What we're interested in for the purposes of this discussion is VBI Vaccines' backers, and what these various entities/individuals have prior to their involvement in VBI Vaccines that warrants their highlighting in this capacity.

Breaking Down VBI Vaccines' Backers

First up, Perceptive Advisors. This one's biotech fund, the Perceptive Life Sciences Fund posted a 51.8% return and was the No. 1 performing hedge fund of 2015 according to Bloomberg News. It's been profiled on the biggest media outlets in the US – CNBC, Business Insider, Barron's – and consistently outperforms the major indices with its biotech picks. The brains behind the fund is CEO Joseph Edelmen, who started Perceptive back in 1999. In the years subsequent to its initiation, years when hedge funds were taking double digit percentage point hits on the technology crash, Edelmen logged treble digit percentage point gains on his biotech plays. Some of Edelmen's blockbuster plays are Amicus Therapeutics, Inc. (NASDAQ:FOLD), which Perceptive bought into throughout 2014 and which gained 634% between 2014's open and 2015's highs; and Sarepta Therapeutics Inc. (NASDAQ:SRPT), which is up more than 5,000% since 2012 and has more than doubled in the last month alone.

Next, Arch Ventures. Robert Nelsen, a name that many think should be a household biotech name but has – as yet – failed to garner said status, kicked off this fund, and it has since gone on to finance more than 30 companies, of which fifteen have now reached valuations of $1 billion or more (true as of end first quarter, 2016). Perhaps Nelsen, and in turn, Arch's, best known play is his early investment in Juno Therapeutics Inc (NASDAQ:JUNO), which went public in 2014, an IPO to which Arch contributed considerably, and is now worth more than $3 billion. Another less well known but still considerable play is bluebird bio Inc. (NASDAQ:BLUE), which Arch invested in back in 2011 as part of a series C that brought in $30 million, and is now worth $2.6 billion.

Nelsen made the Forbes Midas list earlier this year.

Third, Opko Health Inc. (NASDAQ:OPK) and Dr. Phillip Frost. For those not familiar with the latter, he's a billionaire healthcare entrepreneur that currently serves as CEO and Chairman of Opko, and through which he holds a 12% position in VBI Vaccines. Frost first became a well known name in healthcare by way of his founding of IVAX, which he sold to the $45 billion generics behemoth, Teva Pharmaceutical Industries Ltd (ADR) (NYSE:TEVA), for more than $7 billion.

This was far from his only win, however. Since this deal made him a billionaire, he has been buying and selling small caps across a wide range of sectors – deals that have helped him to balloon his personal net worth and, by proxy, the valuation of the companies in which he took an active position. Some of his small cap wins include Whitman Education and Key Pharmaceuticals, both of which returned 000's of percentage points in gains, as did his investment in North American Vaccines. Countless others have returned 00's of percentage point gains, positions like Rolapitant and Continucare.

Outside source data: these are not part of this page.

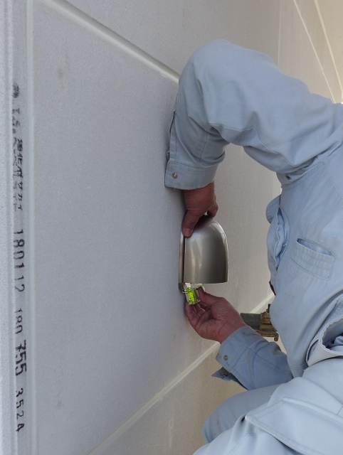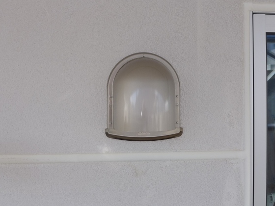 吸気口と排気口は雨の侵入が心配ですから、穴は下向きになっています。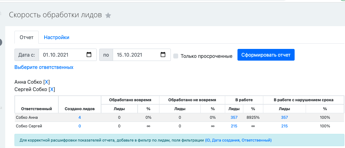 использовать отчет, показывающий сколько лидов обработано вовремя, а сколько с нарушением сроков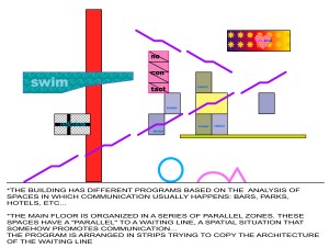 The uses, certain communication exchanges, so far don’t fit perfectly in our society: otherwise there would already exist a specific space for them. If there is a relationship between a society and the possibilities of its architecture, this can be an investigation of some of their current limits. I would like to see if architecture can help inhabitants to escape from moral, economical, social or any other constrains.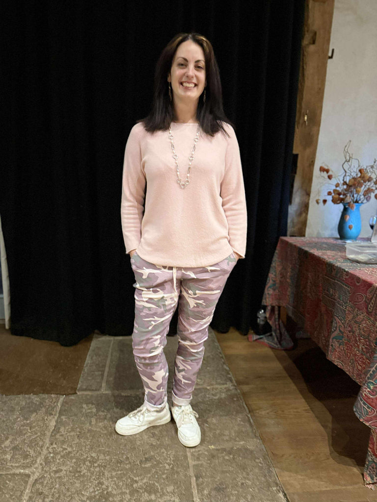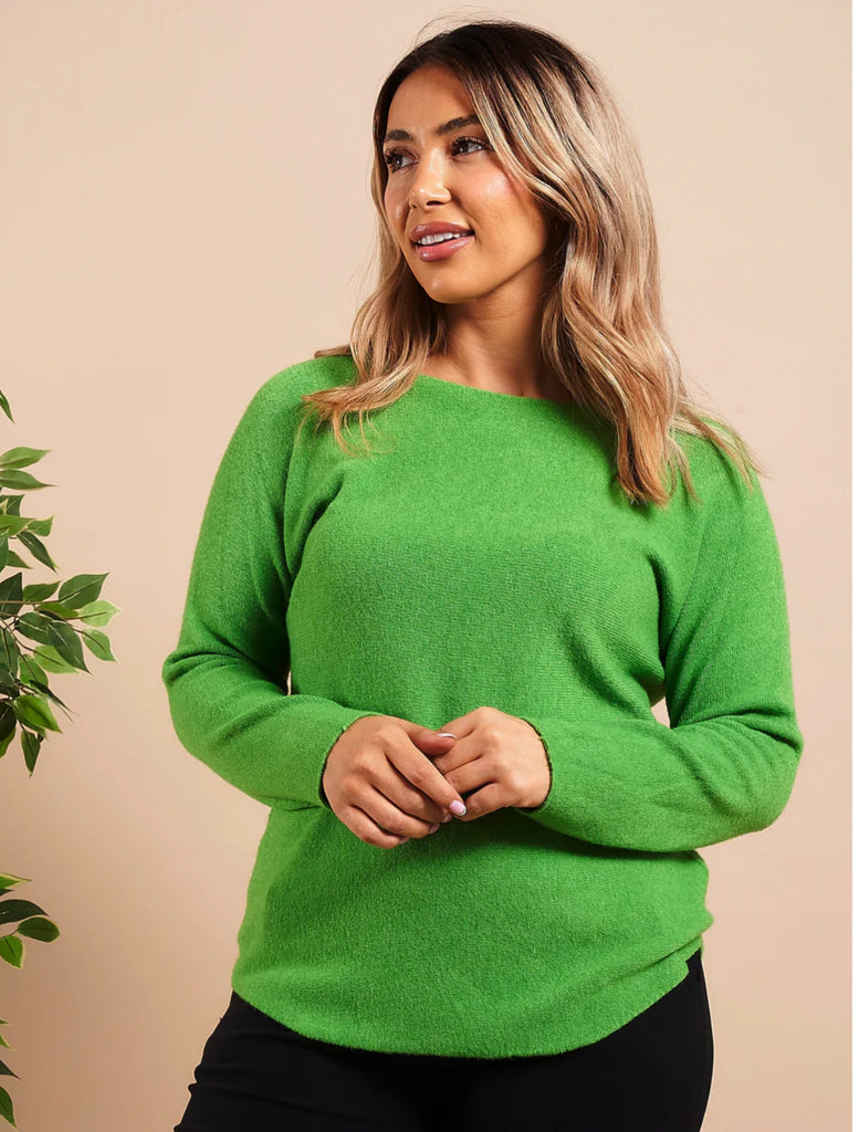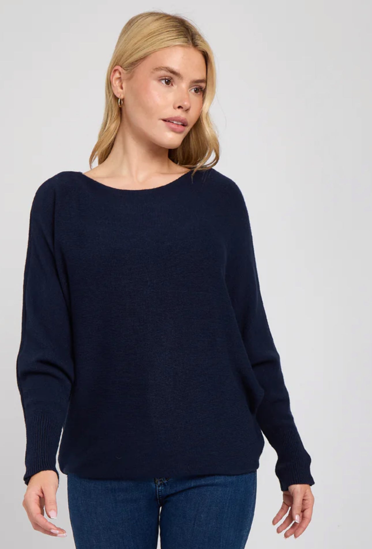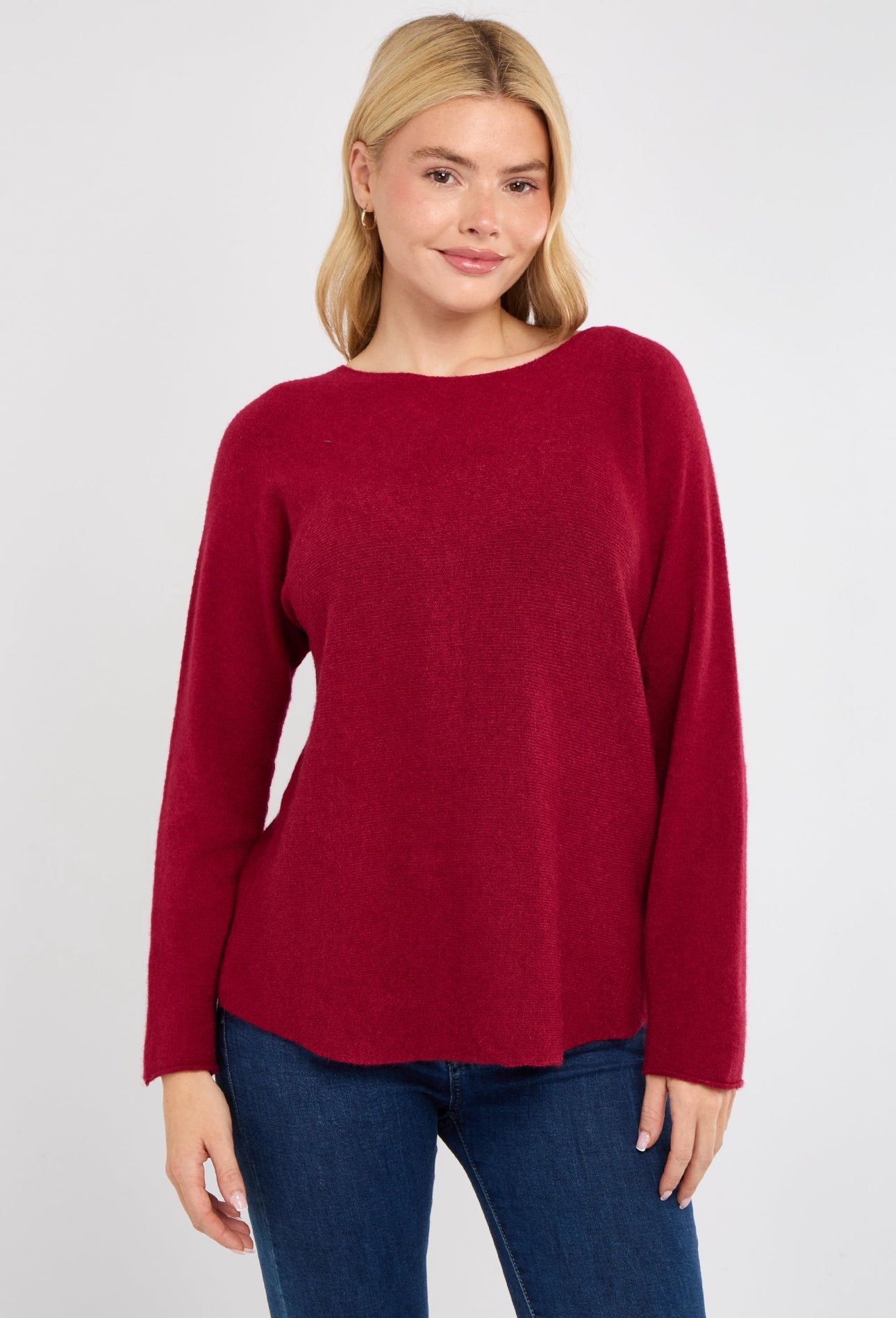 A fabulous one size piece sweater in a chunky cashmere mix. A neat cut with a cute curved hem and cuff sleeves.

He's also well known for self funding his active positions, generally by way of adding to his position through insider buys. Many investors track his insider buys to piggy back his gains. For a company like VBI Vaccines, having an activist billionaire on board is a great asset.

The takeaway here is that VBI Vaccines has a promising pipeline in with numerous shots on goal, and a proprietary technology that could change the face of vaccine administration, but it's also got a raft of backers that have proven track records in this space.

The author has no position in the companies mentioned within the article.